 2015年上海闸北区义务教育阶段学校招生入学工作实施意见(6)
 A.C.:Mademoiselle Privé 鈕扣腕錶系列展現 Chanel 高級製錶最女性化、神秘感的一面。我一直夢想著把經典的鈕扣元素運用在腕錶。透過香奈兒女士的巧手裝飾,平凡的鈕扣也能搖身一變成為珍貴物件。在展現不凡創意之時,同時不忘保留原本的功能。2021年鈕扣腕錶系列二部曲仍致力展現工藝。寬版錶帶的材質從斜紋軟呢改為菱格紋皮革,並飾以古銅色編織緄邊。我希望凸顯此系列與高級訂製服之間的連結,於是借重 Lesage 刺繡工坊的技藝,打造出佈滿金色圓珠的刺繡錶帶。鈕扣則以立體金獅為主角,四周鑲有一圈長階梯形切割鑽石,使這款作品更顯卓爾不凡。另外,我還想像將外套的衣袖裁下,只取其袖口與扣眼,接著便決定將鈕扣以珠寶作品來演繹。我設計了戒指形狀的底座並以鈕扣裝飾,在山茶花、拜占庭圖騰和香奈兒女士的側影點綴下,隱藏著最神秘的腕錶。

...

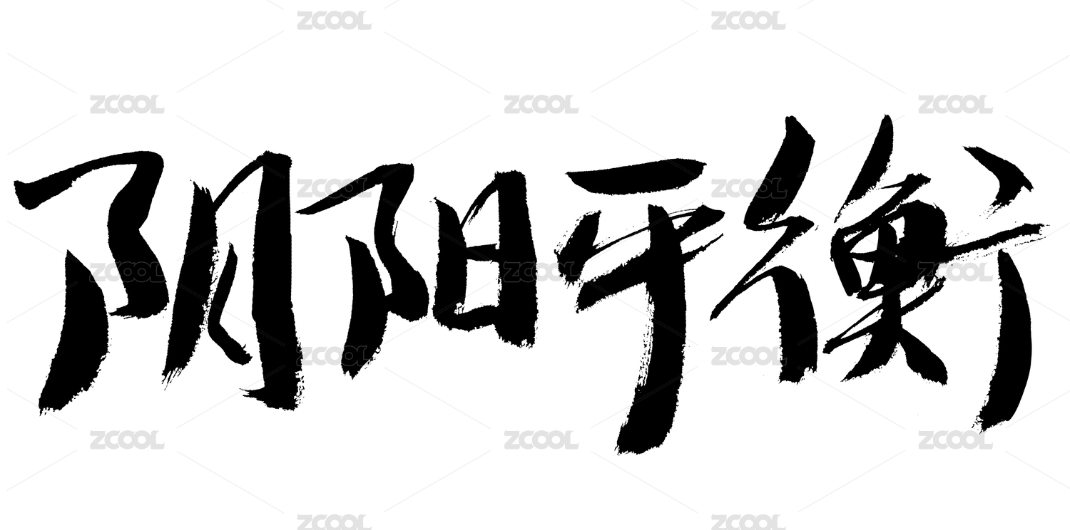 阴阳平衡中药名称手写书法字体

==

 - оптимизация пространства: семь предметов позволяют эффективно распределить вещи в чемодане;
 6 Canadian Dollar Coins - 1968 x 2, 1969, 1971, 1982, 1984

**Exercise requirements:** Print again the lines of the entries above that fall between the line holding "2015年上海闸北区义务教育阶段学校招生入学工作实施意见(6)" and the line holding "A.C.:Mademoiselle Privé 鈕扣腕錶系列展現", inclusive, exactly as they stand.

**Reply:**
 2015年上海闸北区义务教育阶段学校招生入学工作实施意见(6)
 A.C.:Mademoiselle Privé 鈕扣腕錶系列展現 Chanel 高級製錶最女性化、神秘感的一面。我一直夢想著把經典的鈕扣元素運用在腕錶。透過香奈兒女士的巧手裝飾,平凡的鈕扣也能搖身一變成為珍貴物件。在展現不凡創意之時,同時不忘保留原本的功能。2021年鈕扣腕錶系列二部曲仍致力展現工藝。寬版錶帶的材質從斜紋軟呢改為菱格紋皮革,並飾以古銅色編織緄邊。我希望凸顯此系列與高級訂製服之間的連結,於是借重 Lesage 刺繡工坊的技藝,打造出佈滿金色圓珠的刺繡錶帶。鈕扣則以立體金獅為主角,四周鑲有一圈長階梯形切割鑽石,使這款作品更顯卓爾不凡。另外,我還想像將外套的衣袖裁下,只取其袖口與扣眼,接著便決定將鈕扣以珠寶作品來演繹。我設計了戒指形狀的底座並以鈕扣裝飾,在山茶花、拜占庭圖騰和香奈兒女士的側影點綴下,隱藏著最神秘的腕錶。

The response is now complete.